Supplied entries -
★ ★ ★

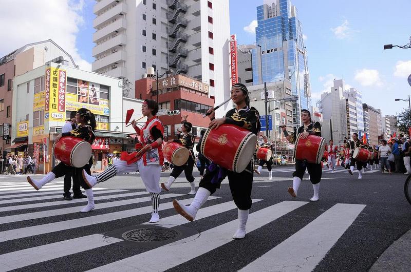 浅草国際通りのエイサーは、6チームの参加と、エイサーパレードは浅草国際通りの片側3車線の内、2車線を利用して演舞が行なわれている。 日中の暑い中、演舞のメンバーならずとも、見物人も汗だくでエイサーを応援している。
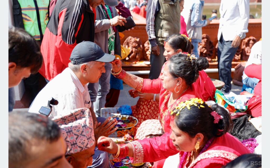काठमाडौँ, असोज ६ गते । तिहारको प्रमुख भाइटीकाका दिन आज काठमाडौँको ऐतिहासिक रानीपोखरीमा रहेको बालगोपालेश्वर मन्दिरमा दिदीबहिनी नहुने दाजुभाइले टीका लगाउँदै आपसी माया, स्नेह र आस्थाको पर्व मनाएका छन् ।
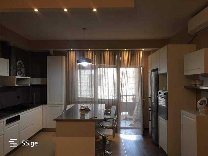 For rent: a 4-room renovated apartment in a newly built building on Levan Mikheladze Street (parallel street to Chavchavadze) with 3 bedrooms and 3 bathrooms. The apartment is furnished with all necessary furniture and appliances, located behind Vake Carrefour, near Vake Park. Includes a parking space.
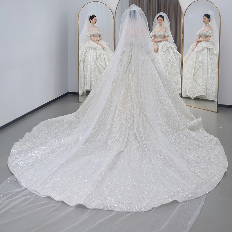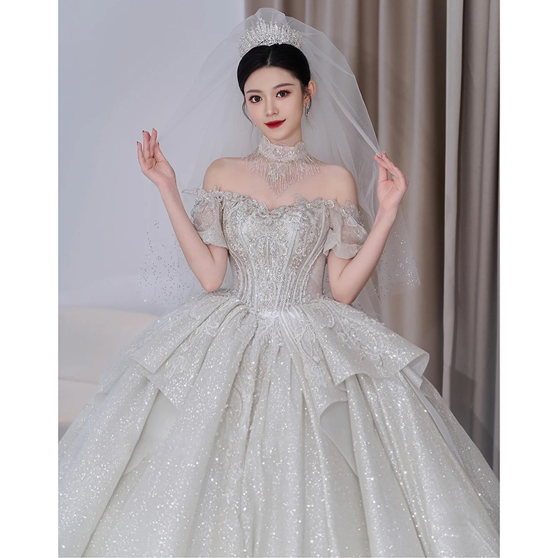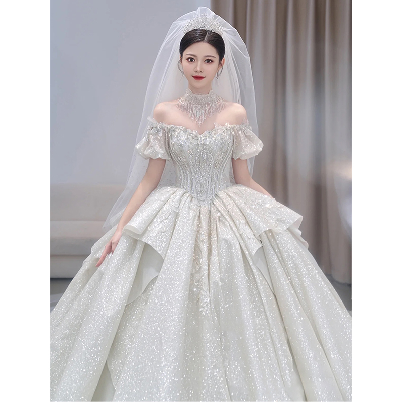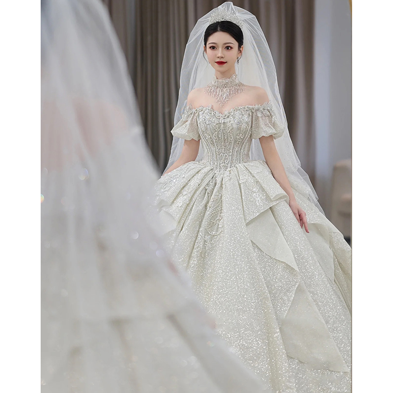 Wedding Dress 2023 New Bridal Style Fugitive Princess Senior Sensation with Shoulders Super Fairy Heavy Extravagant Trailing Light-Taobao
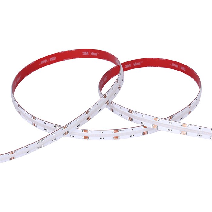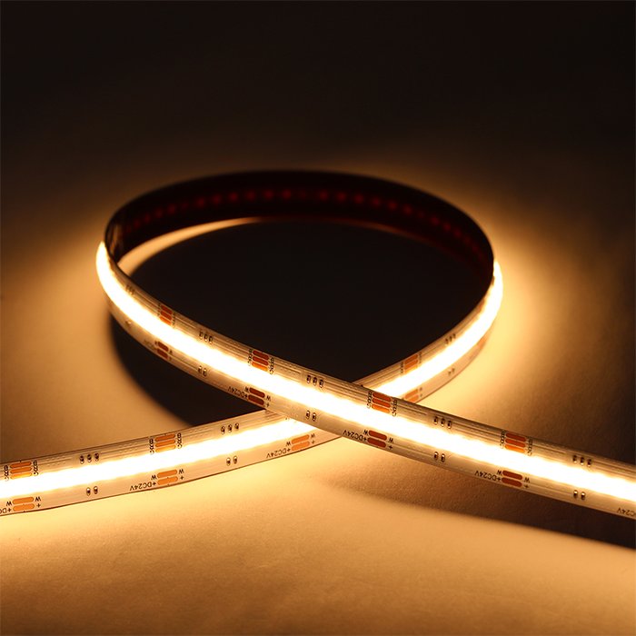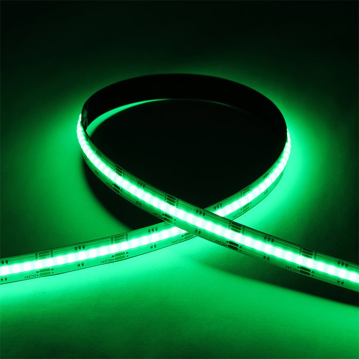 RGBW COB LED pásek 24V s produktovým označením COB-RGBW24896 je výrobkem špičkových světelných parametrů. Výhodou technologie RGBW (Red, Green, Blue, White) je možnost vytvářet široké spektrum barev včetně zapojení čisté bílé složky světla. Zahrnutí bílé složky světla do RGB spektra pomáhá dosáhnout lepší barevnou přesnost a konzistenci. Samozřejmostí je možnost spektrum RGB ztlumit nebo zcela vypnout a použít k osvětlení pouze zvolenou bílou složku světla. COB (Chip On Board) provedení je charakteristické umístěním velkého množství LED čipů těsně vedle sebe s cílem dosáhnout jednolité souvislé světelné linie. Rovnoměrný světelný tok bez viditelných bodů světla je významnou výhodou tohoto výrobku. Od prvotního technického návrhu až po koncovou výrobu byl kladen důraz na to, aby jeho účinnost (lm/W), produktové zpracování a design splňovaly odpovídající kvalitativní standardy. Společně s dalšími komponenty slouží 24V COB RGBW pásek pro malosériovou a individuální výrobu svítidel.
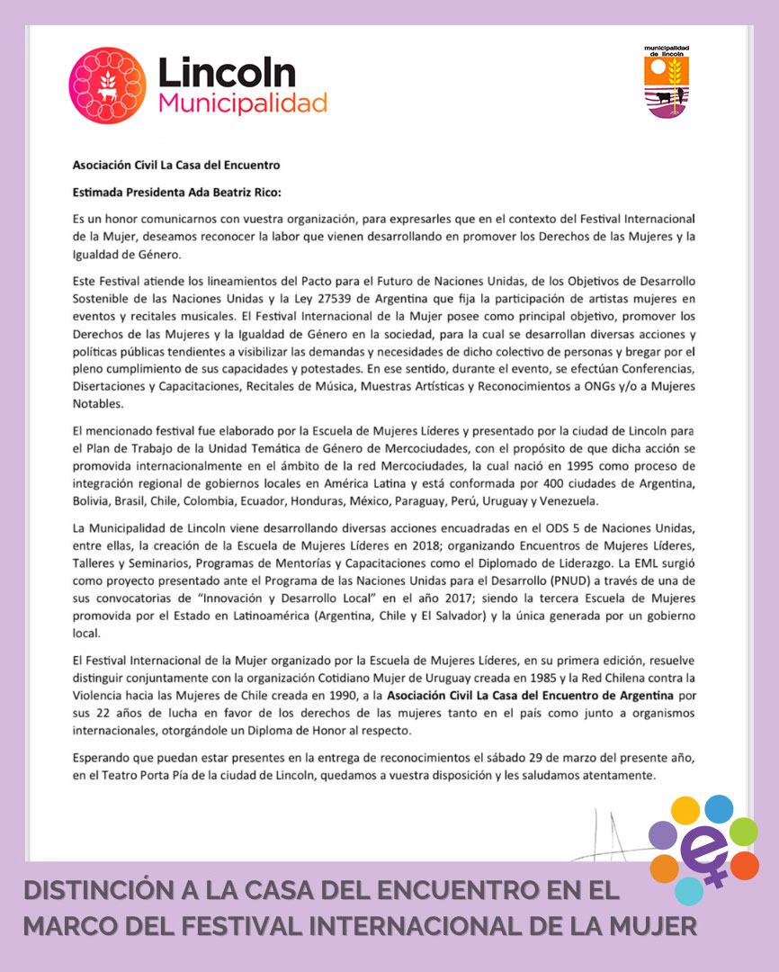 La Casa del Encuentro agradece a la Municipalidad de Lincoln por el reconocimiento otorgado por nuestra labor en la promoción los Derechos de las Mujeres y la Igualdad de Género
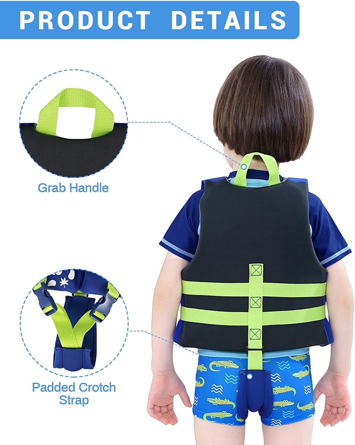 - COMFORT & FIT: The kids swim vest comes with an adjustable straps, crotch strap and multiple sizes available to ensure a good fit.
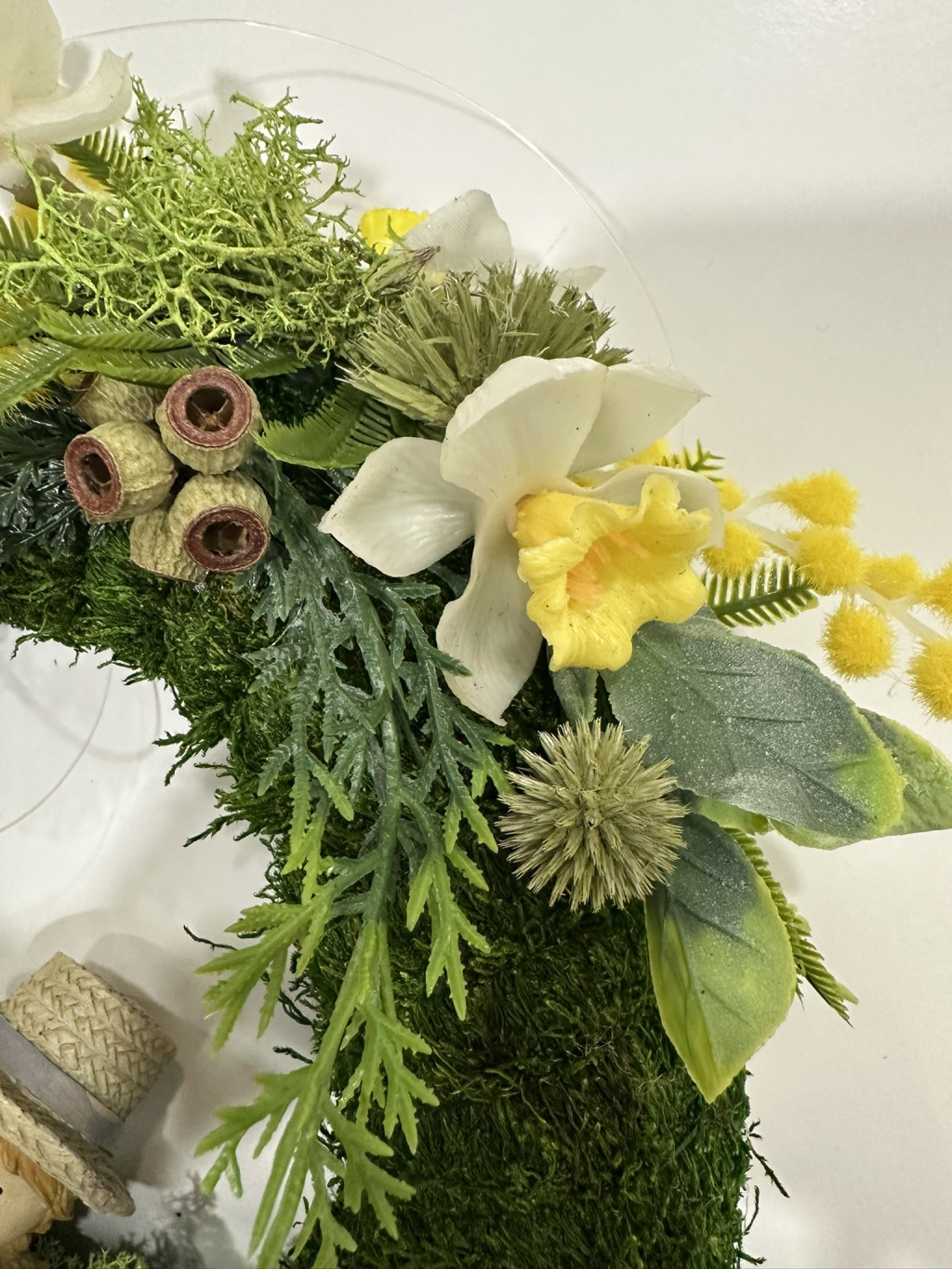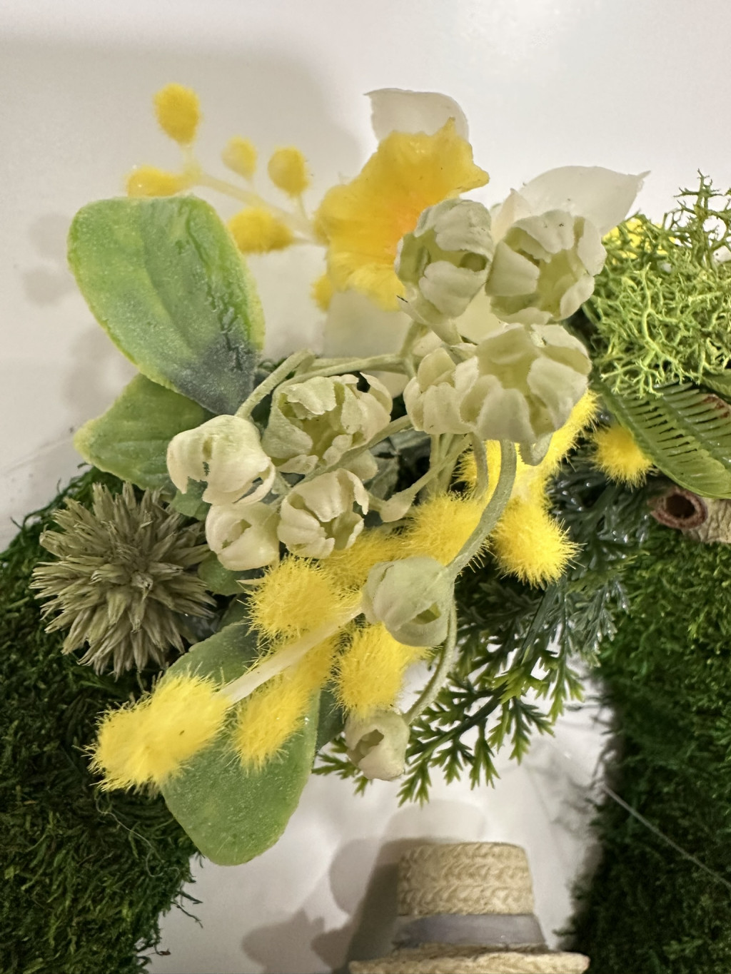 A koszorú alapját egy zöld mohahatású dekorációs alap adja, amely természetes, friss tavaszi megjelenést kölcsönöz a dekorációnak. A kompozíciót gondosan összeválogatott tavaszi virágok, sárga mimóza jellegű díszek, levelek és természetes hatású termések teszik teljessé.
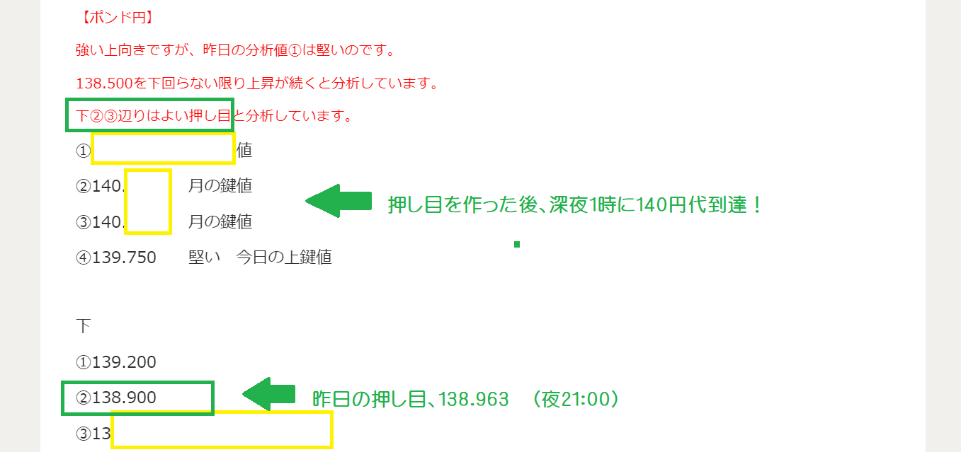 *こちらも、押し目は下②③と読んでいたのですが、さほど下げず②付近の138.963まで夜に下げ

★ ★ ★

What this task involves - Your answer must be the full listing, reproduced word for word, without its pictures.

Answer space -
 浅草国際通りのエイサーは、6チームの参加と、エイサーパレードは浅草国際通りの片側3車線の内、2車線を利用して演舞が行なわれている。 日中の暑い中、演舞のメンバーならずとも、見物人も汗だくでエイサーを応援している。
काठमाडौँ, असोज ६ गते । तिहारको प्रमुख भाइटीकाका दिन आज काठमाडौँको ऐतिहासिक रानीपोखरीमा रहेको बालगोपालेश्वर मन्दिरमा दिदीबहिनी नहुने दाजुभाइले टीका लगाउँदै आपसी माया, स्नेह र आस्थाको पर्व मनाएका छन् ।
 For rent: a 4-room renovated apartment in a newly built building on Levan Mikheladze Street (parallel street to Chavchavadze) with 3 bedrooms and 3 bathrooms. The apartment is furnished with all necessary furniture and appliances, located behind Vake Carrefour, near Vake Park. Includes a parking space.
 Wedding Dress 2023 New Bridal Style Fugitive Princess Senior Sensation with Shoulders Super Fairy Heavy Extravagant Trailing Light-Taobao
 RGBW COB LED pásek 24V s produktovým označením COB-RGBW24896 je výrobkem špičkových světelných parametrů. Výhodou technologie RGBW (Red, Green, Blue, White) je možnost vytvářet široké spektrum barev včetně zapojení čisté bílé složky světla. Zahrnutí bílé složky světla do RGB spektra pomáhá dosáhnout lepší barevnou přesnost a konzistenci. Samozřejmostí je možnost spektrum RGB ztlumit nebo zcela vypnout a použít k osvětlení pouze zvolenou bílou složku světla. COB (Chip On Board) provedení je charakteristické umístěním velkého množství LED čipů těsně vedle sebe s cílem dosáhnout jednolité souvislé světelné linie. Rovnoměrný světelný tok bez viditelných bodů světla je významnou výhodou tohoto výrobku. Od prvotního technického návrhu až po koncovou výrobu byl kladen důraz na to, aby jeho účinnost (lm/W), produktové zpracování a design splňovaly odpovídající kvalitativní standardy. Společně s dalšími komponenty slouží 24V COB RGBW pásek pro malosériovou a individuální výrobu svítidel.
 La Casa del Encuentro agradece a la Municipalidad de Lincoln por el reconocimiento otorgado por nuestra labor en la promoción los Derechos de las Mujeres y la Igualdad de Género
 - COMFORT & FIT: The kids swim vest comes with an adjustable straps, crotch strap and multiple sizes available to ensure a good fit.
 A koszorú alapját egy zöld mohahatású dekorációs alap adja, amely természetes, friss tavaszi megjelenést kölcsönöz a dekorációnak. A kompozíciót gondosan összeválogatott tavaszi virágok, sárga mimóza jellegű díszek, levelek és természetes hatású termések teszik teljessé.
 *こちらも、押し目は下②③と読んでいたのですが、さほど下げず②付近の138.963まで夜に下げ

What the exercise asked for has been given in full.